» **ACTIVITY**:
Once you find the line with "6月26日下午,太阳集团ty" in the listing below, set down exactly every line from it through the line with "Assembly Label’s Ainsley", but no pictures.

» **EXERCISE DATA**:
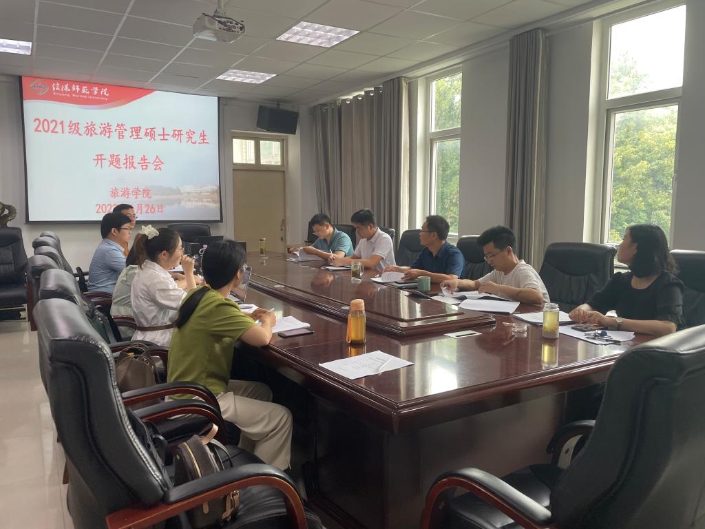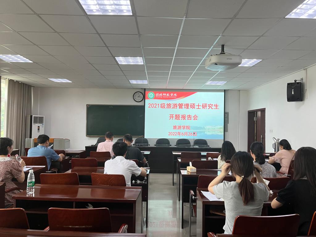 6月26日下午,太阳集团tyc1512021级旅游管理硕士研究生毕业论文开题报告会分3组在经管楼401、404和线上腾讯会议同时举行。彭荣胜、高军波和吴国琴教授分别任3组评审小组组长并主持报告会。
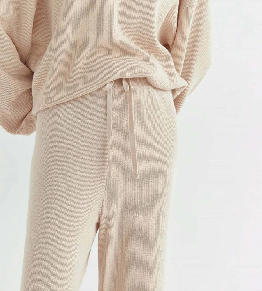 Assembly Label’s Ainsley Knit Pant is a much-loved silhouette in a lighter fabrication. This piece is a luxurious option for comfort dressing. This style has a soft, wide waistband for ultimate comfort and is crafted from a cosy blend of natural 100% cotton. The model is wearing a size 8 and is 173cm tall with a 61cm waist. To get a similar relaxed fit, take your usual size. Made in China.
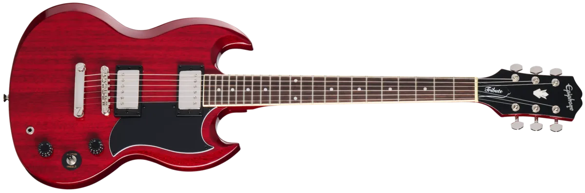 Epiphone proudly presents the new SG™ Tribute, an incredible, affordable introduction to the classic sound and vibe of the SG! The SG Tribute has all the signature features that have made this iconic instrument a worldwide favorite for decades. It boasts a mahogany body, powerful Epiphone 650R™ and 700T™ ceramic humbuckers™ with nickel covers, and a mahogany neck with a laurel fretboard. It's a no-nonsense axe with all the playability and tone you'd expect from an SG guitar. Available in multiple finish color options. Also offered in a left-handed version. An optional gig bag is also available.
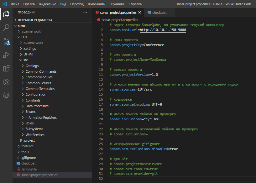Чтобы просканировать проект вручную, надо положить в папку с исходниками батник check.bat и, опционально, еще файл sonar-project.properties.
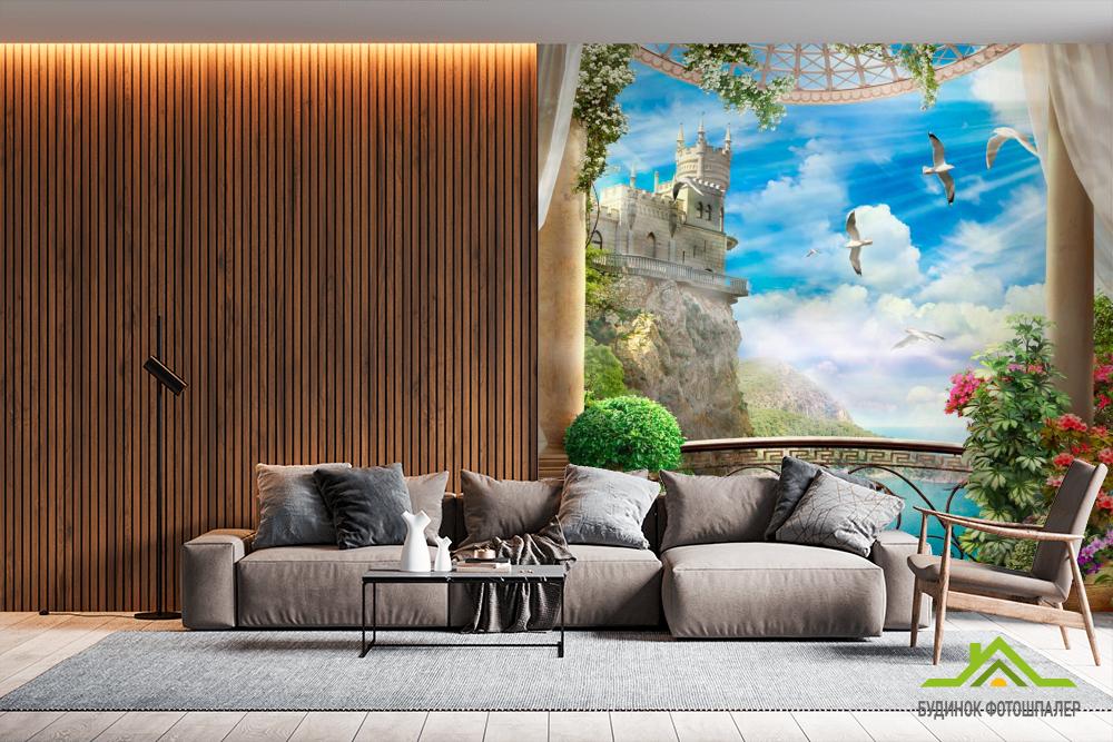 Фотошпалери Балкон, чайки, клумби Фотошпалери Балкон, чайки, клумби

* * *

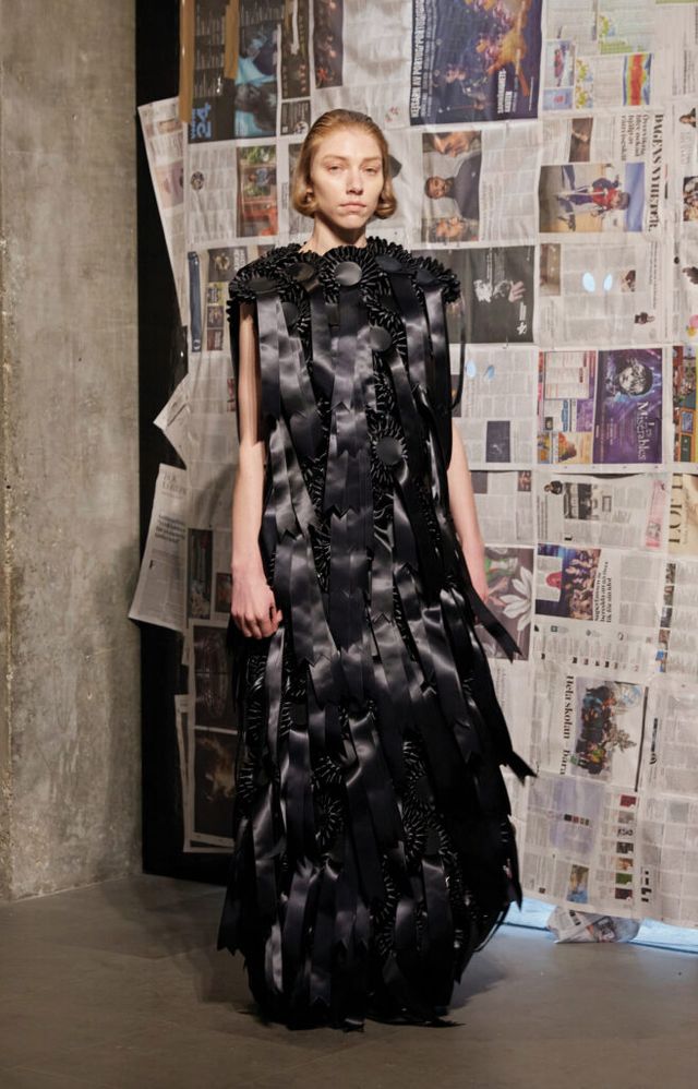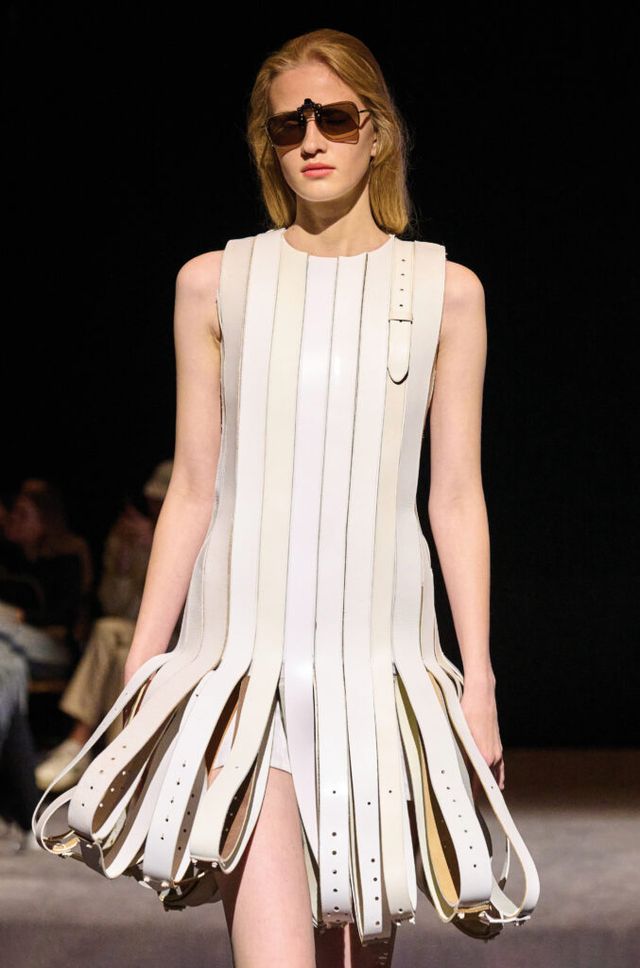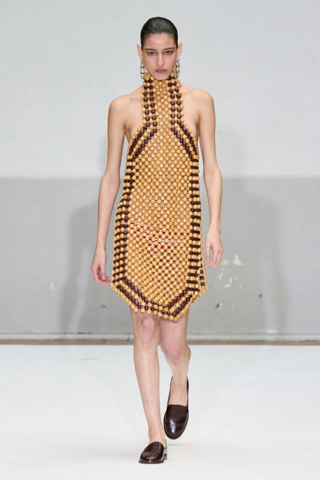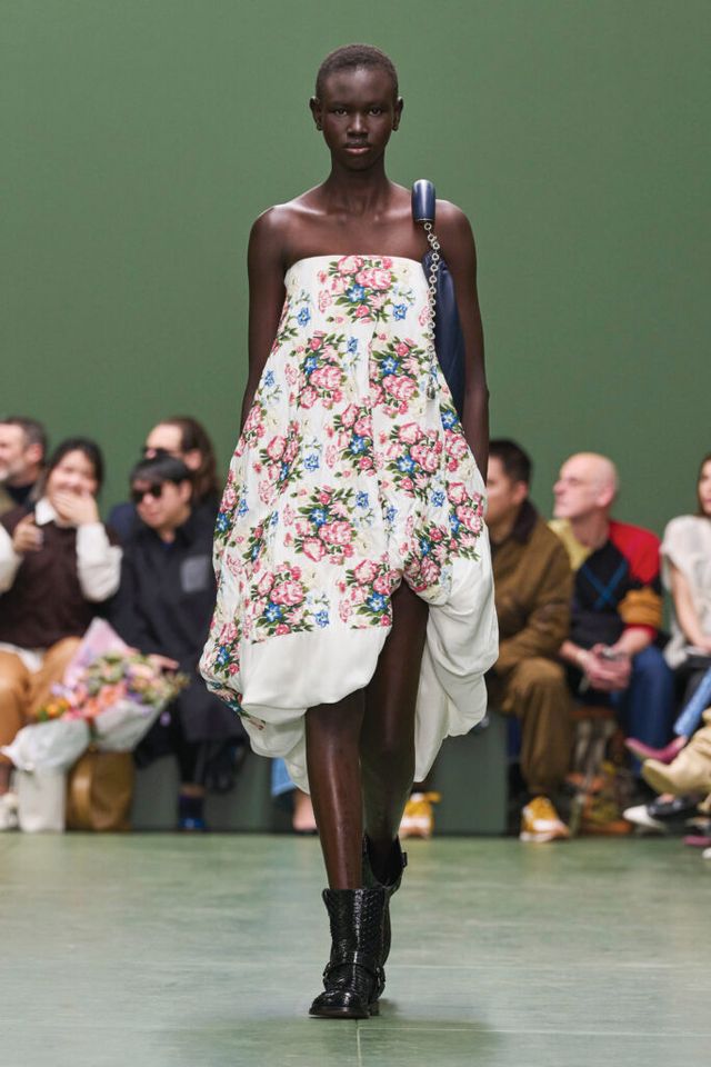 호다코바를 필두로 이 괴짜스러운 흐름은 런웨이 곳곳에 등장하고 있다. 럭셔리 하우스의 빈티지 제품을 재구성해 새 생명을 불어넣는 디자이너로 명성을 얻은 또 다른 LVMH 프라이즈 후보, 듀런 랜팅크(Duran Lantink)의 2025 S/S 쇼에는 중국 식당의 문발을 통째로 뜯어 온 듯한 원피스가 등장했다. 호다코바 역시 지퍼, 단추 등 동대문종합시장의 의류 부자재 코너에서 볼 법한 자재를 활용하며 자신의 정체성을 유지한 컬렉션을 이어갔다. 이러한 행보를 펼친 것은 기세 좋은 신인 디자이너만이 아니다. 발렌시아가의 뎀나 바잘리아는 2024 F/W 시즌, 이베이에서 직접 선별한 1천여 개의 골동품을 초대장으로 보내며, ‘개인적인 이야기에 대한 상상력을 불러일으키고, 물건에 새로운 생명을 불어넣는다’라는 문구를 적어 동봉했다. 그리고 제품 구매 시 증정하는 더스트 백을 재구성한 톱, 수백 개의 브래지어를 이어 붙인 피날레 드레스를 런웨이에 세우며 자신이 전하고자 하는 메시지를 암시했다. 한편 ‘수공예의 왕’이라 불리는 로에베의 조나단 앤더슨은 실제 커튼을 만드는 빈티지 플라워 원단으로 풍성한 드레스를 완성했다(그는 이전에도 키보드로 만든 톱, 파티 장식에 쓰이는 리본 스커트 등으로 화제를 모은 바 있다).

* * *

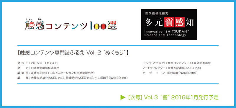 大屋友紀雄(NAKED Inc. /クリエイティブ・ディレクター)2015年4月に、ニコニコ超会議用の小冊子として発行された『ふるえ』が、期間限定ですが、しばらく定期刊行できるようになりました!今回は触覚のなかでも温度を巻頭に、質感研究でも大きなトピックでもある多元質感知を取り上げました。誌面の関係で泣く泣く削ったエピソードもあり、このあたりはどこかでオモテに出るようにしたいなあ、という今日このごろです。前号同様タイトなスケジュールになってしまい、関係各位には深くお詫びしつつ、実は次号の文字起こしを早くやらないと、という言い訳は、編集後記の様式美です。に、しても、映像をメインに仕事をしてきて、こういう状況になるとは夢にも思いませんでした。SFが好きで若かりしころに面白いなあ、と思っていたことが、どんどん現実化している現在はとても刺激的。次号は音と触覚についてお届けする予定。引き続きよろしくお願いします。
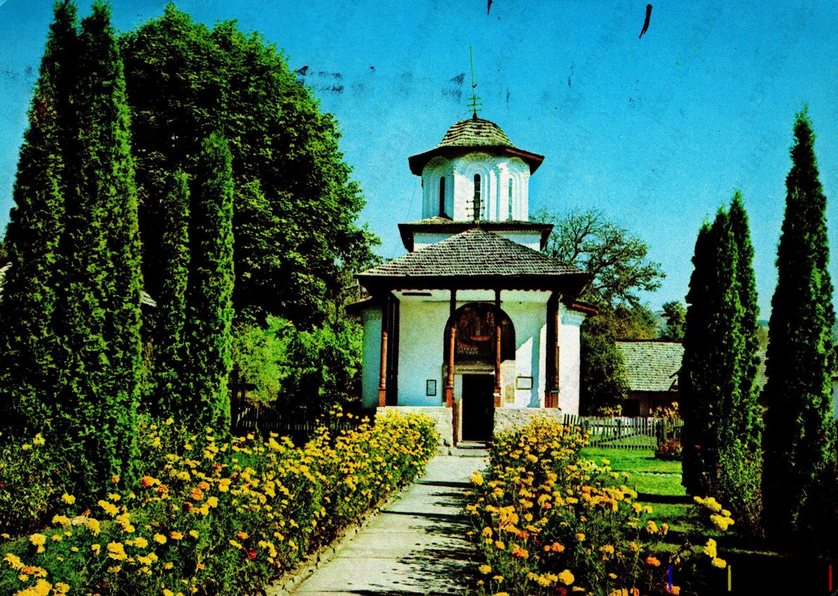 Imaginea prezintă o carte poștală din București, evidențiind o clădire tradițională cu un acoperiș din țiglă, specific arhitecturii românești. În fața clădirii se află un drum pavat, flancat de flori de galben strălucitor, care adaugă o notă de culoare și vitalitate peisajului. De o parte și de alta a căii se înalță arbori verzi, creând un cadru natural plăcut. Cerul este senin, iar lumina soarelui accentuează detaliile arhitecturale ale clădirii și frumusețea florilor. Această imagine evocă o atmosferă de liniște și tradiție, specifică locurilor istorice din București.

» **EXERCISE RESULT**:
 6月26日下午,太阳集团tyc1512021级旅游管理硕士研究生毕业论文开题报告会分3组在经管楼401、404和线上腾讯会议同时举行。彭荣胜、高军波和吴国琴教授分别任3组评审小组组长并主持报告会。
 Assembly Label’s Ainsley Knit Pant is a much-loved silhouette in a lighter fabrication. This piece is a luxurious option for comfort dressing. This style has a soft, wide waistband for ultimate comfort and is crafted from a cosy blend of natural 100% cotton. The model is wearing a size 8 and is 173cm tall with a 61cm waist. To get a similar relaxed fit, take your usual size. Made in China.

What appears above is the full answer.